Иллюзия сказа

Мы всегда говорим о литературе, о книге, о писателе. Письменно-печатная культура приучила нас к букве. Слово мы, книжники, только видим; оно всегда для нас — нечто неразрывно связанное с буквой. Мы часто совсем забываем, что слово само по себе ничего общего с буквой не имеет — что оно есть живая, подвижная деятельность, образуемая голосом, артикуляцией, интонацией, к которым присоединяются еще жесты и мимика. Мы думаем — писатель пишет. Но не всегда это так, а в области художественного слова — чаще не так. Немецкие филологи (Сивере, Саран и др.) несколько лет назад заговорили о необходимости «слуховой» филологии (Ohrenphilologie) вместо «глазной» (Augenphilologie). Это — чрезвычайно плодотворная идея. В области стиха такой анализ дал уже интересные результаты. Стих, по самой природе своей, есть особого рода звучание — он мыслится произносимым и потому текст его есть только запись, знак. Но не бесплоден такого рода «слуховой» анализ и в области художественной прозы. В ее основе тоже лежит начало устного сказа, влияние которого часто обнаруживается на синтаксических оборотах, на выборе слов и их постановке, даже на самой композиции.

Мы привыкли к школьному делению словесности на устную и письменную. Но, с одной стороны, былина или сказка «вообще», вне сказителя, есть нечто абстрактное. С другой (и вот это-то особенно интересно) — элементы сказительства и живой устной импровизации скрываются и в письменности. Писатель часто мыслит себя сказителем и разными приемами старается придать письменной своей речи иллюзию сказа. Есть, конечно, специально-письменные формы, но ими литература (собственно вернее — именно словесность) не исчерпывается, да и в них можно найти следы живого слова.

Недаром мы обеднели настоящими романами и не умеем писать их так, как писали Шпильгаген или Зола, или старые англичане. Точно утеряли чутье к этой форме и разучились технике. Роман — форма смешанная и рожденная именно письменной культурой. Роман пишется, а не записывается, и пишется именно для чтения. Живое слово рассказчика тонет в этой громоздкой массе — голоса нет. Длительные диалоги, обширные фактические описания, сложность фабулы — все эти условия делают роман именно книгой. Наш русский роман развивался своеобразно и сравнительно недолго — только в шестидесятых и семидесятых годах. Романы Достоевского построены на соединении страстного личного тона с драматическими приемами (развитой диалог и разговор). У Толстого построение основано на разнообразии психологических «сцеплений» и на приемах биографического анализа — недаром он начал с «Детства и отрочества». Романы Тургенева — те же новеллы: у него никогда нет прочного узла для всех лиц, хотя их обычно немного; Лизу и Лаврецкого легко отделить от остальных, составляющих только фон. Поэтому ему так просто остановить развитие фабулы и в 8 главах подробно рассказывать историю Лаврецкого. Для Тургенева это характерно — он всегда стремится рассказывать, он всегда обращается к слушателю. Тургенев «имея дар слова и говорил охотно, плавно, любил, кажется, больше рассказывать, чем разговаривать», сообщается в одном воспоминании. Диалог —  слабое место его романов. В «Записках охотника» он — сказитель, и это его настоящий тон. Его повести именно повествуются — они часто даже с внешней стороны построены на иллюзии действительного, непосредственно воспринимаемого устного рассказа, как «Первая любовь», «Рассказ о. Алексея», «Гамлет Щигровского уезда», «Живые мощи».

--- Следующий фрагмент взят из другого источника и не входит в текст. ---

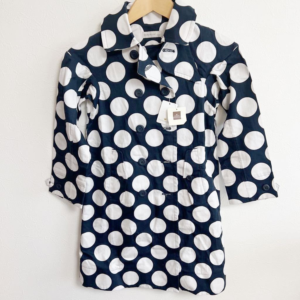 > 新品 ギンザのサエグサ Sayegusa plus コート ドット柄 ネイビー サイズ9歳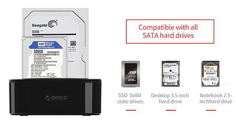 Dock ORICO 6228US3 tương thích với cả ổ cứng hoặc SSD 2,5 Inch hoặc 3,5 Inch một cách dễ dàng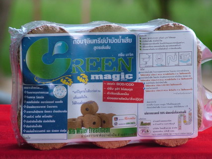 ก้อนจุลินทรีย์เข้มข้น GREEN MAGIC ผลิตภัณฑ์บำบัดน้ำเสีย ลดค่าBOD-COD , ปรับค่าpHในน้ำให้สมดุล , ย่อยสลายคราบไขมัน-กำจัดกลิ่นเหม็น ,ย่อยสลายกากของเสีย สิ่งปฏิกูลที่เป็นอินทรีย์วัตถุ , กำจัดของเสียก้นบ่อ , เพิ่มออกซิเจนในน้ำ-ลดแอมโมเนียในน้ำ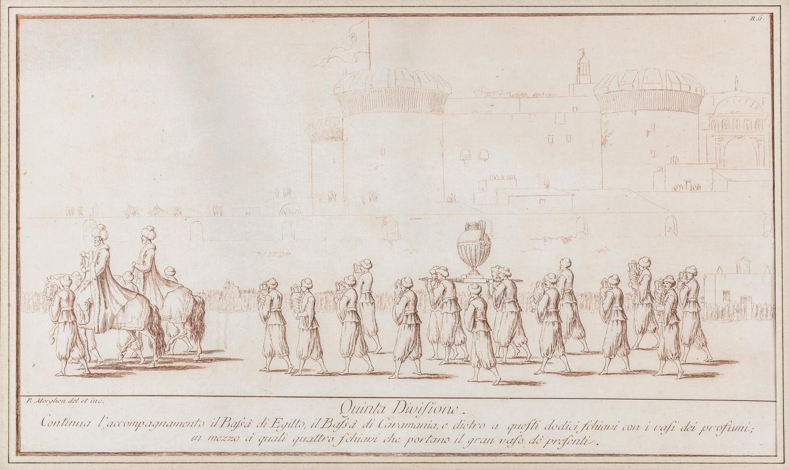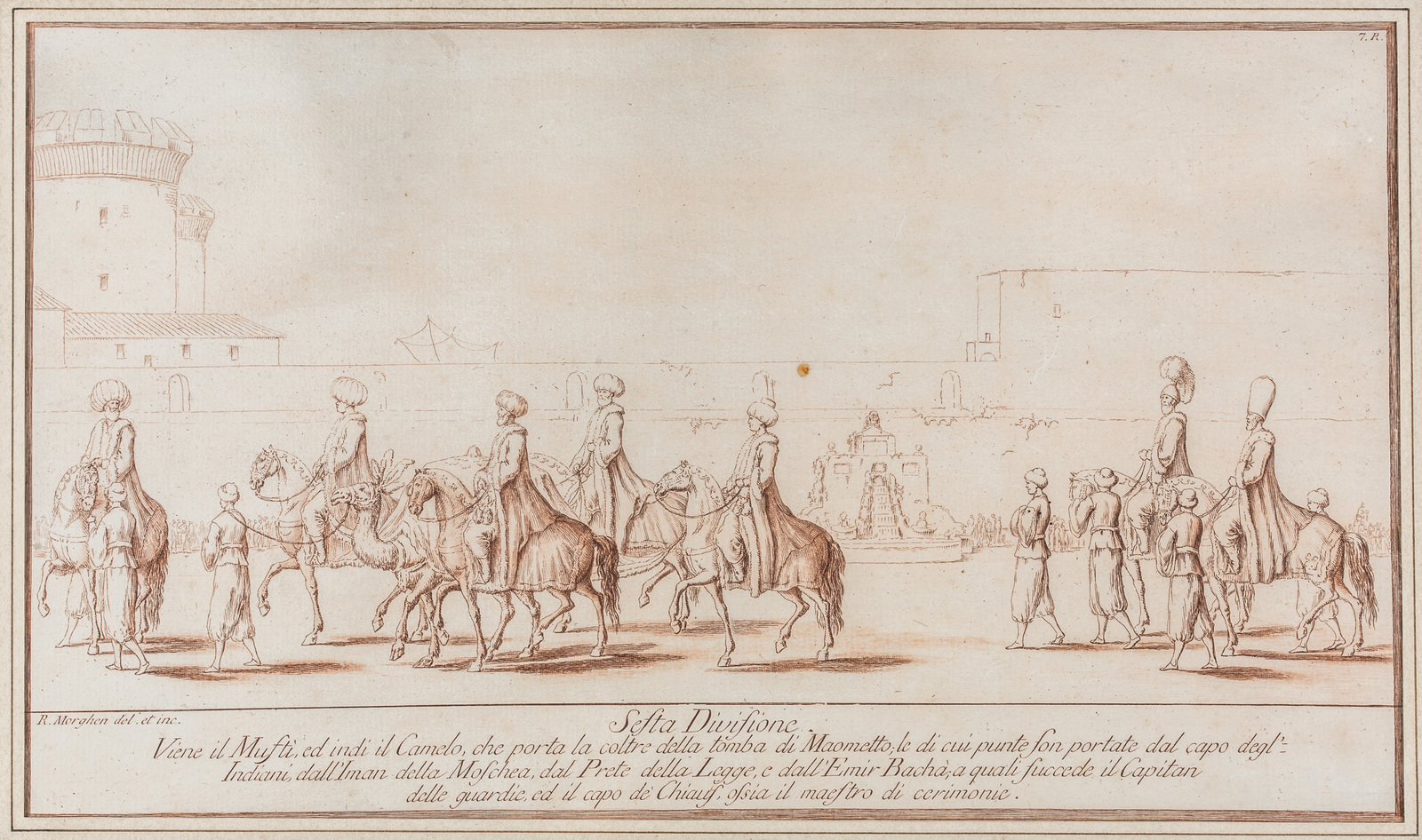 Sesta divisione: viene il Mufti ed indi il Camelo che porta la coltre della tomba di Maometto le di cui punte son portate dal capo degl'indiani dall'Imam della moschea, dal prete della legge e dall'Emir Bacha ai quali succede il capitano delle guardie ed il maestro delle cerimonie;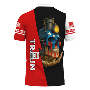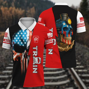 Railspirit Personalized Pennsylvania Railroad Polo Shirt Train Skull American Flag Shirt All Over Print

Сказка, в сущности, всегда — импровизация. Ее сюжет — только схема, ее запись — только отдельный факт. Эти черты примитива сохраняются и в письменной новелле. Новеллист обычно, путем разных приемов, стремится вызвать впечатление непосредственного рассказа, импровизации. Художник ведь по существу своему — всегда импровизатор. Письменная культура заставляет его выбирать, закреплять, обрабатывать, но тем охотнее стремится он сохранить хотя бы иллюзию свободной импровизации. Когда это соединяется со строгостью стихотворной формы — получается радостное впечатление власти художника, впечатление игры. Так сделай «Евгений Онегин» — непринужденность тона вместе с ритмической скованностью речи действует как высшая степень свободной импровизации. Не потому ли Пушкин и сочинил Белкина, что ему нужен был, хотя бы только в представлении, определенный тон рассказчика? Белинскому «Повести Белкина» не понравились (с высоты его теории), но и он отметил «искусство рассказывать (conter)» и признался, что «их с удовольствием и даже с наслаждением прочтет семья, собравшаяся в скучный и длинный зимний вечер у камина». Характерно при этом, что Пушкин еще указал, от кого Белкин слышал эти рассказы, точно желая этим повысить иллюзию непосредственного сказа и от писателя возвести их происхождение к сказителю: «Смотритель» рассказан был титулярным советником, «Выстрел» — подполковником, «Гробовщик» — приказчиком, «Метель» и «Барышня» — девицею. Недаром сообщается и о том, что старая ключница приобрела доверенность Белкина «искусством рассказывать истории». Эта самая ключница, как говорится в предисловии, заклеила потом окна флигеля первою частью его неоконченного романа. Она была права — Белкин никогда бы его не кончил, а если бы и окончил — роман был бы, наверно, неудачный.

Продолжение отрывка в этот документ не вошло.